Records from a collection
= Beginning of Section =

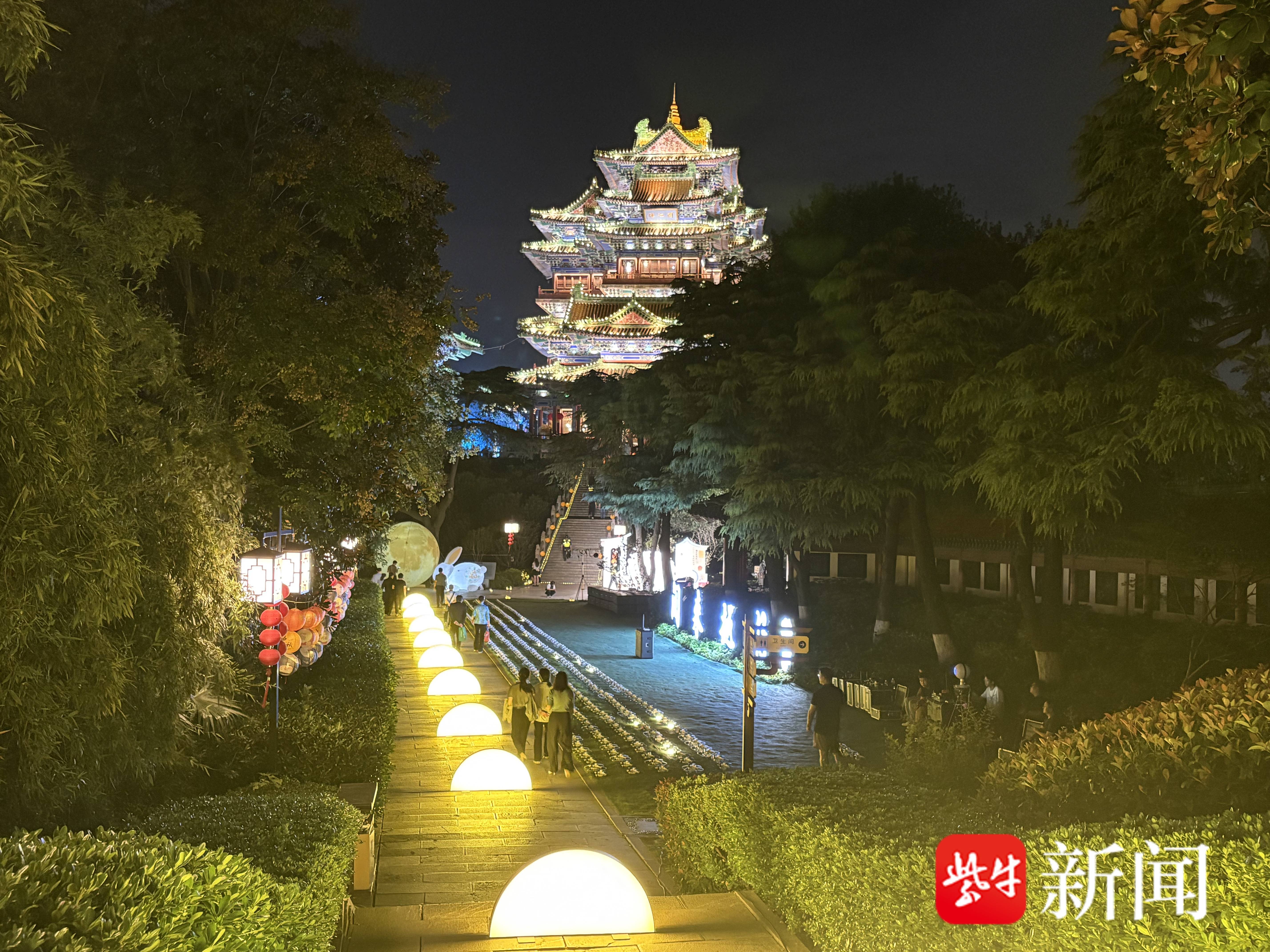 颐和路上,一张“福”字贴上门,心愿便落了地。夜幕低垂,紫金塔和阅江楼流光溢彩。
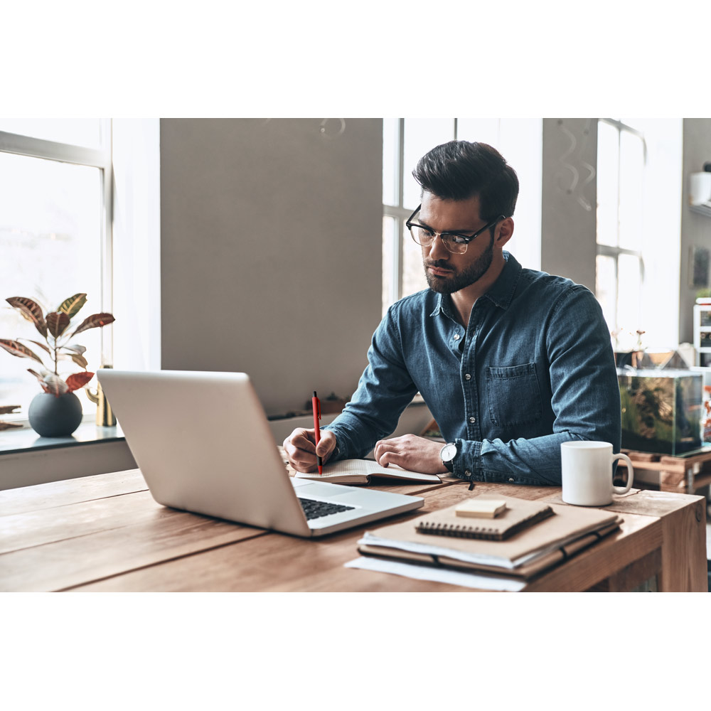 Esferográfica em ABS com grip, acabamento brilhante e corpo triangular. Escrita em azul até 1.5 km. Produto certificado de acordo com a portaria Inmetro nº423 de 8/out/2021. ø9 x 141 mm
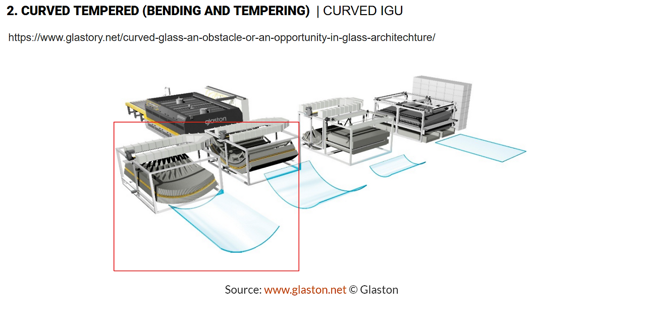 건축에서 쓰이는 유리는 성능을 높이기 위해 IGU(복층유리)를 사용하는데 두장의 유리에서 안쪽면과 바깥쪽면의 곡률이 달아서 각각의 몰드를 만들어야 하는 문제도 생기고 글라스의 표면에 코팅을 하는 기술도 곡면에서 하는 방식은 개발이 되지 않았었다.
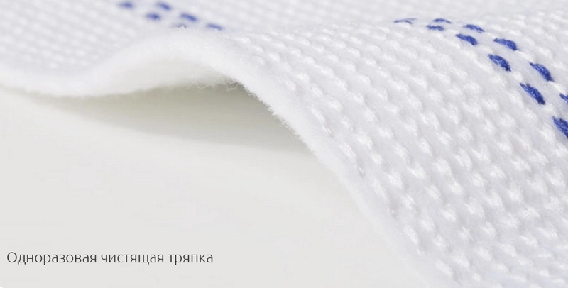 В комплекте со шваброй поставляются салфетки двух видов: одноразовая и многоразовая. Одноразовую тряпку можно выкинуть после использования, а многоразовую промыть и использовать снова. Тряпки крепятся к швабре на липучке.
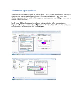 Este documento proporciona información sobre varias herramientas de Windows como el Liberador de espacio en disco, Desfragmentador de discos, Punto de restauración, Restaurar sistema, Copia de seguridad, Centro de seguridad de Windows, Firewall de Windows, Windows Update y Copias de Seguridad y Restauración. Explica cómo funcionan estas herramientas y los pasos para utilizarlas.
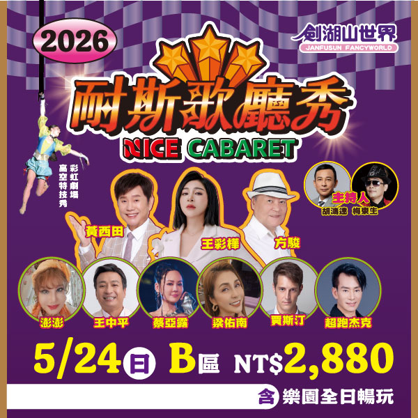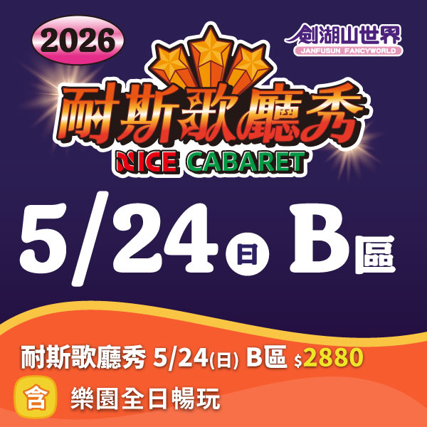 【耐斯歌廳秀】5月24日 B區門票,含樂園全日暢玩 最新票券
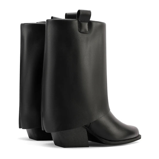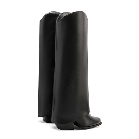 QUEEN HELENA X31109 Stivali Moda Donna Pelle Sintetica Nero Tacco Western 6Cm Suola Gomma Gambale Ginocchio
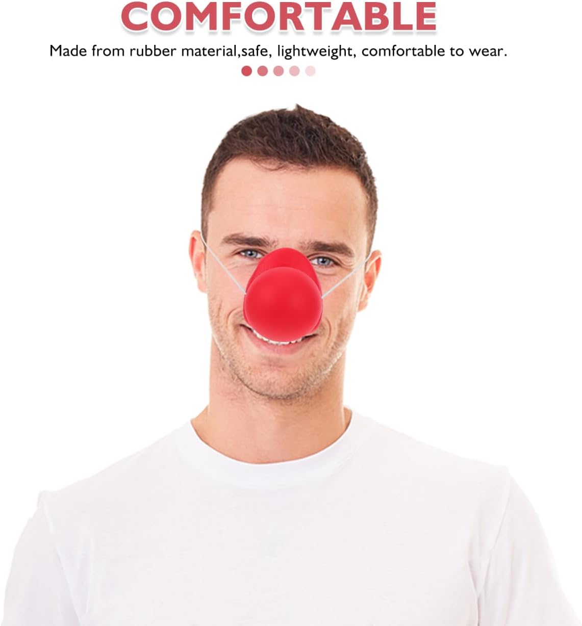 Materiale Di Qualità: Realizzato in lattice di alta qualità, il naso è morbido e flessibile, assicurando una vestibilità confortevole per tutto il Grandezza Adatta: Il naso da clown in lattice è disponibile in una taglia , perfetta per creare un look da clown e divertente per feste di carnevale e halloween Facile Da Indossare: Grazie design leggero, il naso da clown è facile da indossare e da togliere, ideale per travestimenti improvvisati Set Da Tre: Ogni pacchetto contiene tre nasi, perfetti per feste con amici o come accessori per costumi da clown unici Adatto a Ogni Occasione: Questo naso è ideale per carnevali, feste di halloween, spettacoli teatrali o qualsiasi evento dove vuoi divertirti da clown

= End of Section =

TASK REQUIREMENTS:
Your output is the lines from the top of the entries through the line containing "건축에서 쓰이는 유리는", exactly as they stand. No pictures belong in it.

RESPONSE:
 颐和路上,一张“福”字贴上门,心愿便落了地。夜幕低垂,紫金塔和阅江楼流光溢彩。
 Esferográfica em ABS com grip, acabamento brilhante e corpo triangular. Escrita em azul até 1.5 km. Produto certificado de acordo com a portaria Inmetro nº423 de 8/out/2021. ø9 x 141 mm
 건축에서 쓰이는 유리는 성능을 높이기 위해 IGU(복층유리)를 사용하는데 두장의 유리에서 안쪽면과 바깥쪽면의 곡률이 달아서 각각의 몰드를 만들어야 하는 문제도 생기고 글라스의 표면에 코팅을 하는 기술도 곡면에서 하는 방식은 개발이 되지 않았었다.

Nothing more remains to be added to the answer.